Les nouveaux misérables (suite)
Chapitre XXV
« Si la douceur était un geste, elle serait caresse » *
Elle avait fait tant d’efforts pour baisser sa résistance, pour tenter de garder ces moments intacts. Elle était consciente que la magie de cette romance pouvait se rompre à tout instant par le seul comportement de Grabat. Sa voix, ses déclarations d’amour, sa tristesse, sa jalousie, son anxiété, attendrissaient Ovate.
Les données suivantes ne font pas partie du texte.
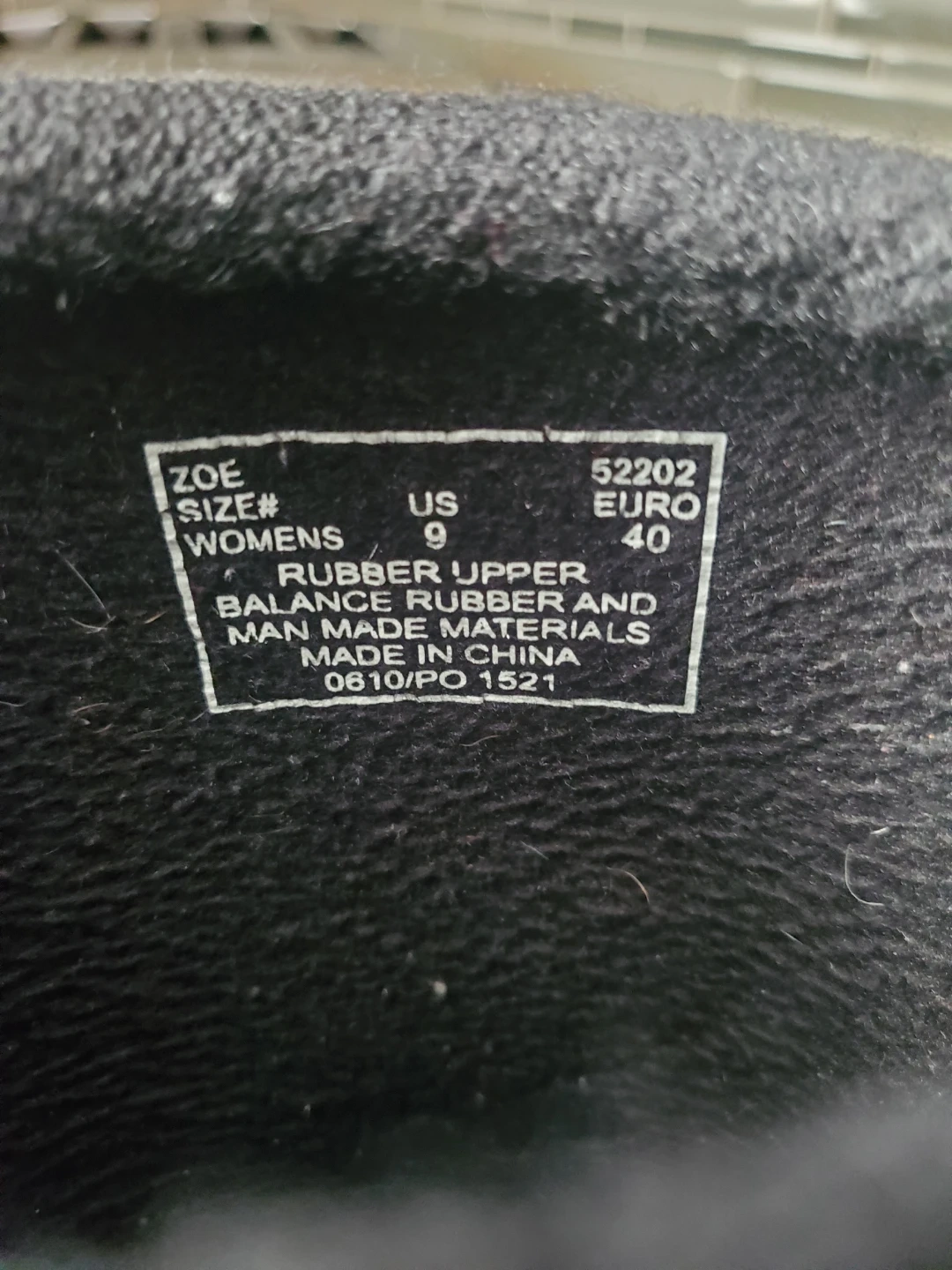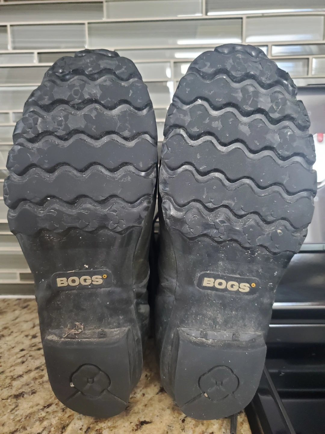 Selling a pair of Bogs rubber boots in black. They're a women's size US 9 / Euro 40. The upper is made of rubber, and the balance is rubber and man-made materials.

Elle aurait pu aimer ce peu qu’il était. Mais que pouvait attendre une femme d’un tel désordre psychique ?
Ils avaient pourtant ressenti une harmonie amoureuse qu’il disait rare. Leurs gestes étaient instinctifs, comme s’ils faisaient partie d’eux-mêmes. Leur peau se mêlaient l’une à l’autre, ils n’étaient plus qu’une seule personne qui possédait un ADN commun.
Elle lui accorda la seconde chance qu’il demandait, elle désirait le voir détendu, heureux, elle le caressait le jour et la nuit pour le rassurer. Aux premières lueurs du jour, il s’étonnait de voir sa main le caresser encore.
Chaque nuit, avant de s’endormir elle le couvrait de ses baisers inventés pour lui, pour qu’il reprenne son souffle, pour que son esprit et son corps s’étirent de bien être. Elle lui offrait toute sa douceur sans rien attendre en retour et le voyait s’épanouir jour après jour.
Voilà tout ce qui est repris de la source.